With the increasing emphasis on corporate governance and an enlightened interest in business development, many family and entrepreneur led firms are hiring professional Chief Executive Officers (CEOs) to run their businesses. This is opening up new exciting career opportunities for capable professional managers. However, pitfalls are as many as the opportunities are. This paper summarizes four critical facets of this transition.

Coping with the family / entrepreneur

Typically, a family tends to be conservative while an entrepreneur tends to overreach. A family member or an entrepreneur, continuing as an executive head of the board, could therefore be a major constraint on a professional CEO’s style. The answer to this from a CEO does not lie in attempting to change the family member’s or entrepreneur’s business DNA. It lies in the CEO’s ability to offer a framework by which unreasonable aspirations and reasonable resources are harmonized to develop a workable blue-print for the future.

An organization in transition (from family-promoter control to professional management) needs intensive and structured interfaces at all levels, more so at the top to smoothen the transition. An entrepreneur-CEO and a professional CEO would most likely have dissimilar aspirations, managerial styles and personalities. The professional CEO would need to constantly evaluate how his relationship develops with the family / entrepreneur on one hand and the organization on the other hand. Only frequent and direct communication with the family and entrepreneur can help usher in the transition smoothly.
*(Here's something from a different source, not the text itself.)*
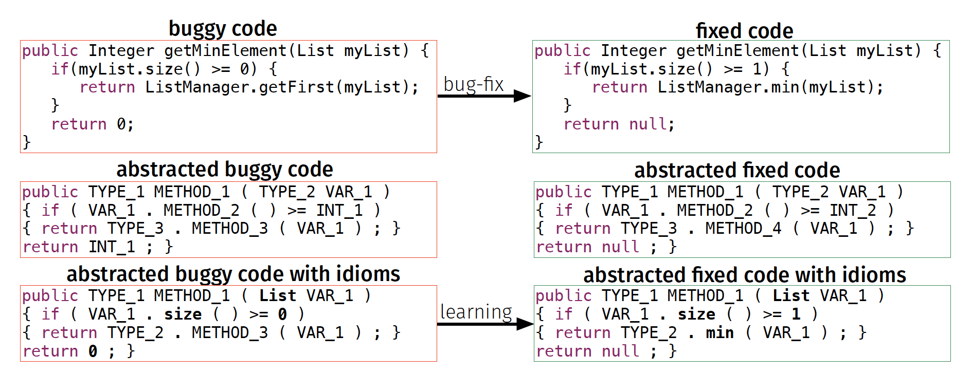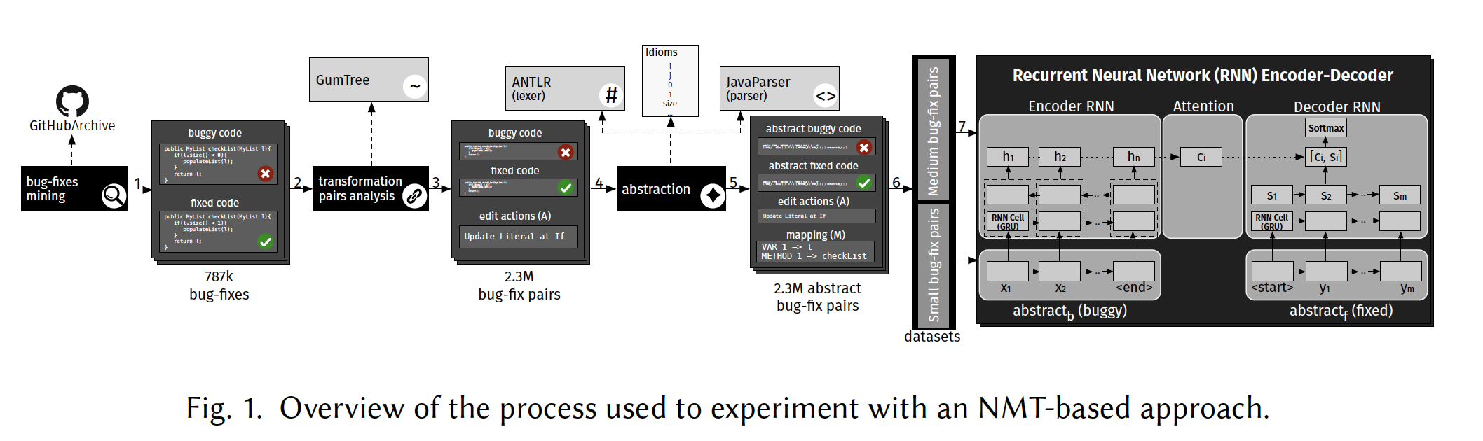 这个问题说难非常难,说简单也很简单。我们把有bug的代码片断和修复之后的代码片断做成数据集,使用类似机器翻译的技术进行训练。然后我们用训练好的模型去预测新代码如何修复。 这个思想和数据集都来自论文《An Empirical Study on Learning Bug-Fixing Patches in the Wild via Neural Machine Translation》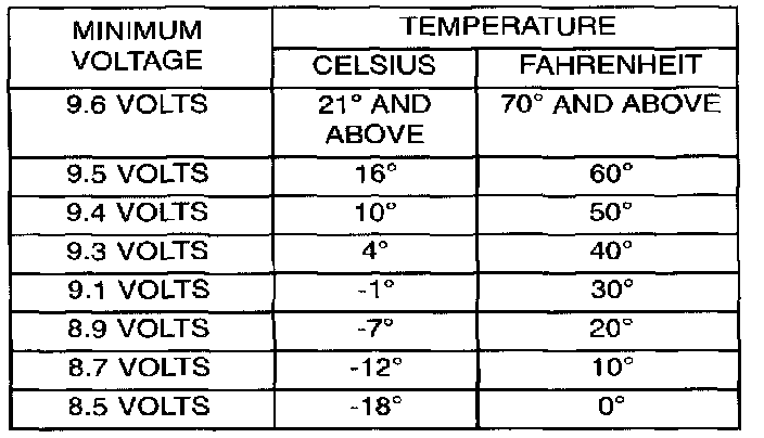 5. Voltage drop will vary according to battery temperature at the time of the load test. Battery temperature can be estimated by the temperature of exposure over the preceding several hours. If the battery has been charged or boosted a few minutes prior to the test, the battery would be slightly warmer. Refer to Load Test Temperature Chart for proper loaded voltage reading.

In an organization controlled or co-promoted by more than one family member or entrepreneur, the inter-se dynamics between the family members or co-promoters are not always visible. The apparently passive member(s) may have invisible influencing power, which needs to be understood. Similarly, an existing organization may have persons of influence who do not operate in the open. Molding all these relations in his favor is a challenge for the professional CEO.

A family or entrepreneur run organization is likely to have many informal channels of communication between various employees and the family member or entrepreneur,
which operate as a result of the micro-management of the company by the family or the entrepreneur. The informal channels could often distort information and even use the
information for ends which are not necessarily aligned to business goals. The CEO would need to establish structured strategic planning and budgeting processes, visible performance management systems and open communication channels as a formal means that renders the informal operations increasingly irrelevant.

Keeping up the growth momentum

As one moves into a CEO’s position of a hitherto family run or entrepreneur driven company, the challenges would be significant in the areas of project execution, operations management, strategic planning, business development, peer-relationships and communication with investors and employees. The focus and spirit of the role would need to be on managing for the future with the speed of an entrepreneur and the caution of a family. The CEO would need to innovate constantly on business, technical and operational models to achieve this. The knowledge, assets and execution capabilities of the past and present, though belonging to different businesses and products, often serve as the levers for new business development. These must be exploited on a proactive basis. At the same time, old business models and past experiences of established companies need not necessarily succeed in a family / entrepreneur company. The CEO has to be, therefore, dynamic, contextual and differentiated in respect of strategy as well as execution.

While the very reason for bringing in a CEO in a family firm is to do things differently, yet when it comes to systemic changes, the entrepreneur or the family would more likely baulk rather than support the changes ostensibly for fear of losing business momentum or stability as the case may be. Yet, as a CEO, one has to live with apparent contradictions; closing down manufacturing lines while investing in new facilities, slashing jobs while creating new knowledge positions, phasing out products while innovating new ones, eliminating today’s expenses while adding costs for the future and so on. Building long term value, without compromise to current revenue and profit growth is the essence of the CEO task.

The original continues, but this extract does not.